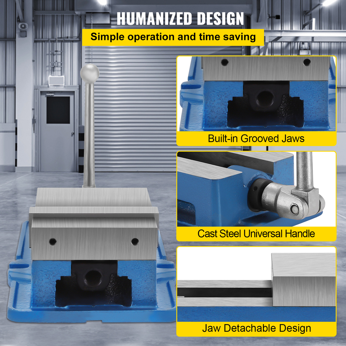Humanized Design: Our vises are detachable and can be replaced quickly. The unique downward pressure design protects the workpiece from escaping float when clamped. The hardened swivel handle is a universal joint structure, easy operation, flexible, and convenient to use.
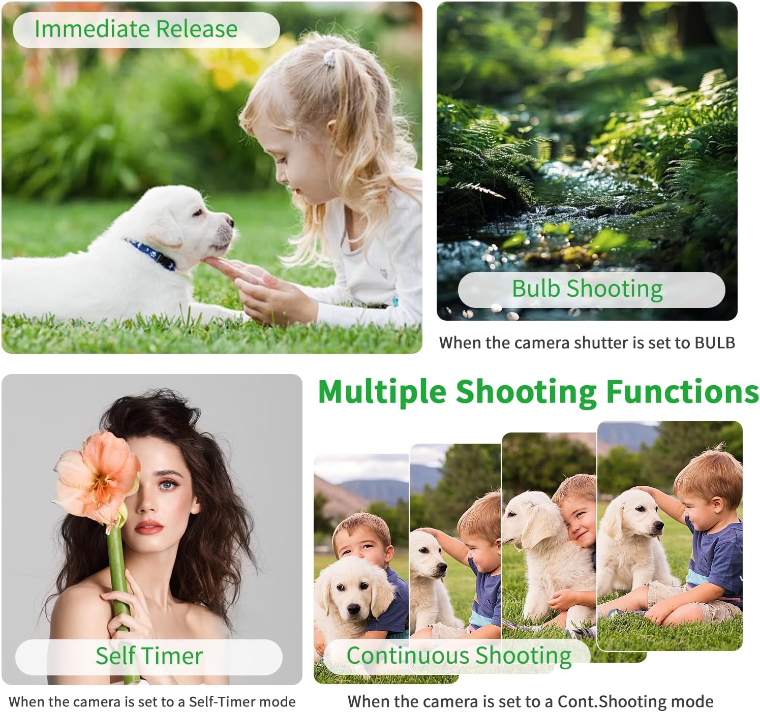 - Shooting still photos and videos: This remote control supports shooting still photos, short videos, Bulb shooting, continuous shooting, self timer, 360 ° all-round remote control, with a remote control distance of up to 10m/32.8 feet. Please adjust the camera to the corresponding mode.
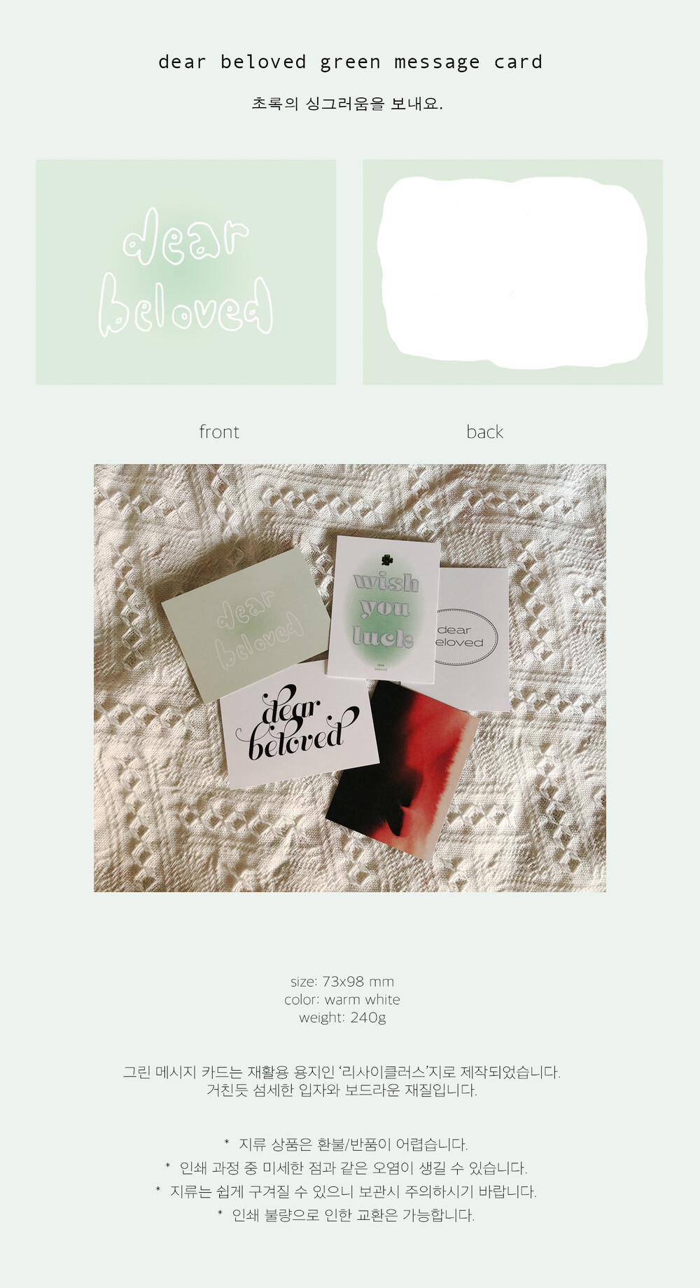 dear beloved green msg card
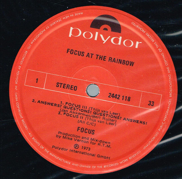 ARTIST: Focus LABEL: Polydor CAT: 2442 118 PRESSING: NZ YEAR: 1973 RPM: 33 FORMAT: 12 DISC/S: 1 GENRE: Progressive RockRock STYLE: Progressive Rock COVER CONDITION: VG VINYL CONDITION: VG++ USED OR NEW: Secondhand
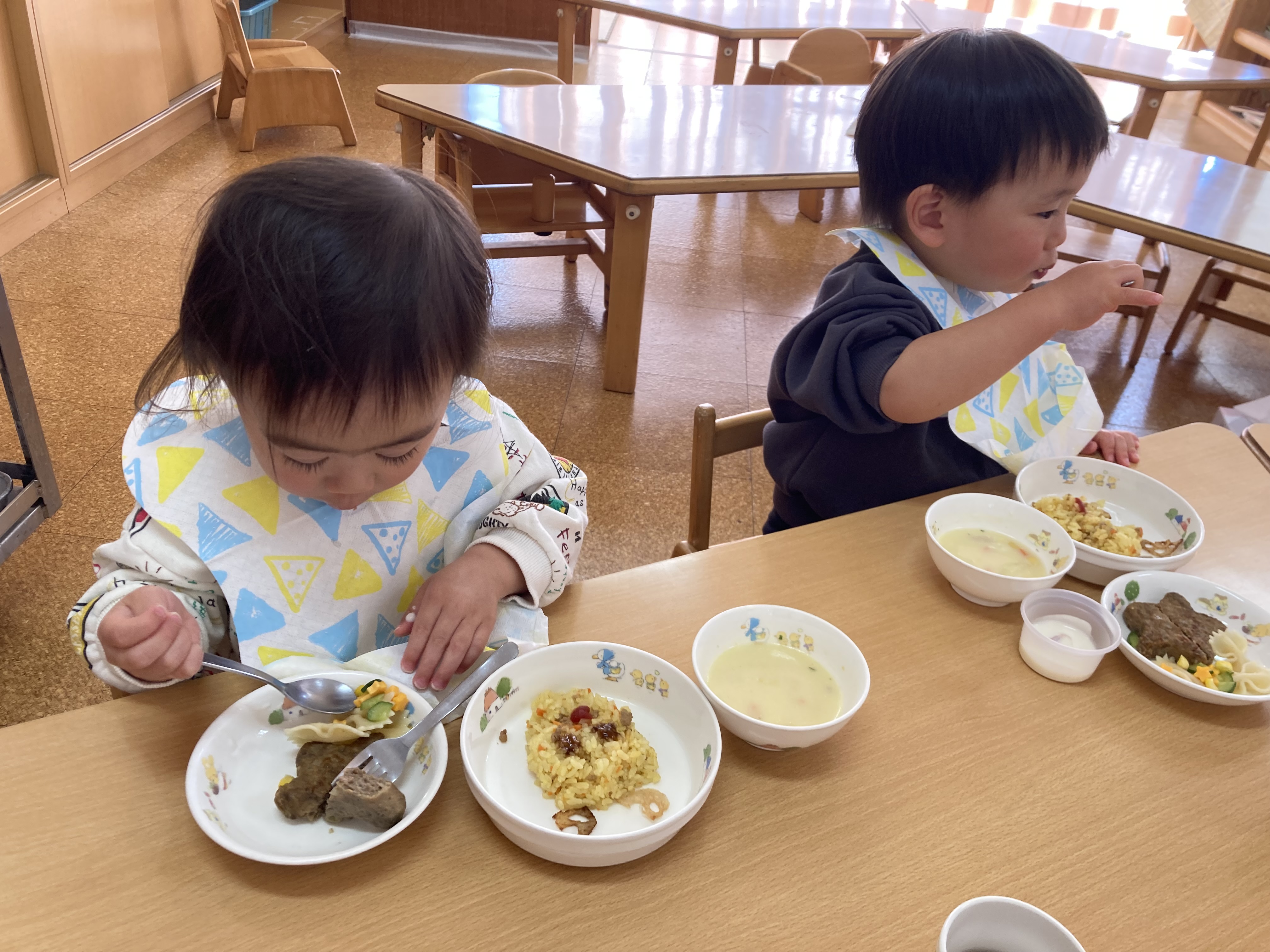 デザートにヨーグルトもあり、イチゴのソースもトッピングされていたので「いちごの味がする」ととても嬉しそうに食べている姿にほっこりしました。
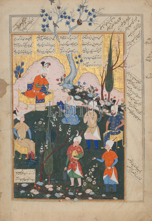 Birth, Zal, Folio, Shahnama, Book, Kings, 1576–77, Attributed, Iran, Qazvin, Ink, opaque watercolor, gold, paper, H, 17 3/4, 45.1 cm, Codices, Attributed to Siyavush, ca., 1536–1610, page, comes, manuscript, Persian epic, produced, Shah Isma'il, II, r, depicts, scene, story, great warrior, heroes, epic
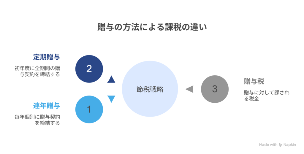 「定期贈与」とは、最初の段階で「一定期間にわたって一定額を贈与する」という約束を取り決め、その契約に基づいて複数年にわたって贈与を実行する方法です。
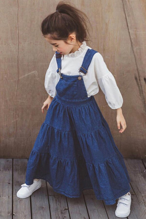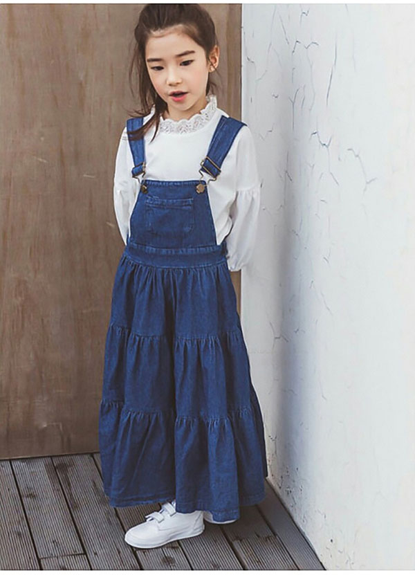 韓国風デニムワンピース 子ども服 春秋新作 サスペンダースカート ロング丈 女の子 通園 通学 お出かけ用 幼児 小学生対応
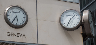 At 7:35, the "Geneva" clock is two hours early and the others are five hours early. (By the way, in the city of Geneva itself, the time would have been 1:35.) This temporal anomaly in Manhatten was documented by Jag9889. Though we weren't on location to discover the exact cause of this timely weirdness, we spotlight this photo to help hone the insights of would-be investigators of temporal anomalies. The more clocks one sees that are "on the fritz" (Fritz being the German clockmaker who first went "cuckoo"), the better attuned one will be to time warps in the wild.
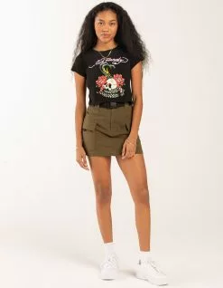 Ed Hardy Rose Cobra Womens Baby Tee. Large graphic on front and back. Ribbed crew neckline. Short sleeves. Baby tee fit . 100% Cotton. Machine wash. Imported.
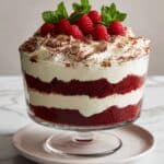 Keywords: Red Velvet Cheesecake Trifle, layered dessert, red velvet cake, cheesecake filling, whipped cream, easy dessert, make-ahead dessert

::::

Out of the records above, please copy exactly the lines from the line with "dear beloved green msg card" up to and including the line with "韓国風デニムワンピース 子ども服 春秋新作", minus the pictures.

### PROBLEM SOLUTION
 dear beloved green msg card
 ARTIST: Focus LABEL: Polydor CAT: 2442 118 PRESSING: NZ YEAR: 1973 RPM: 33 FORMAT: 12 DISC/S: 1 GENRE: Progressive RockRock STYLE: Progressive Rock COVER CONDITION: VG VINYL CONDITION: VG++ USED OR NEW: Secondhand
 デザートにヨーグルトもあり、イチゴのソースもトッピングされていたので「いちごの味がする」ととても嬉しそうに食べている姿にほっこりしました。
 Birth, Zal, Folio, Shahnama, Book, Kings, 1576–77, Attributed, Iran, Qazvin, Ink, opaque watercolor, gold, paper, H, 17 3/4, 45.1 cm, Codices, Attributed to Siyavush, ca., 1536–1610, page, comes, manuscript, Persian epic, produced, Shah Isma'il, II, r, depicts, scene, story, great warrior, heroes, epic
 「定期贈与」とは、最初の段階で「一定期間にわたって一定額を贈与する」という約束を取り決め、その契約に基づいて複数年にわたって贈与を実行する方法です。
 韓国風デニムワンピース 子ども服 春秋新作 サスペンダースカート ロング丈 女の子 通園 通学 お出かけ用 幼児 小学生対応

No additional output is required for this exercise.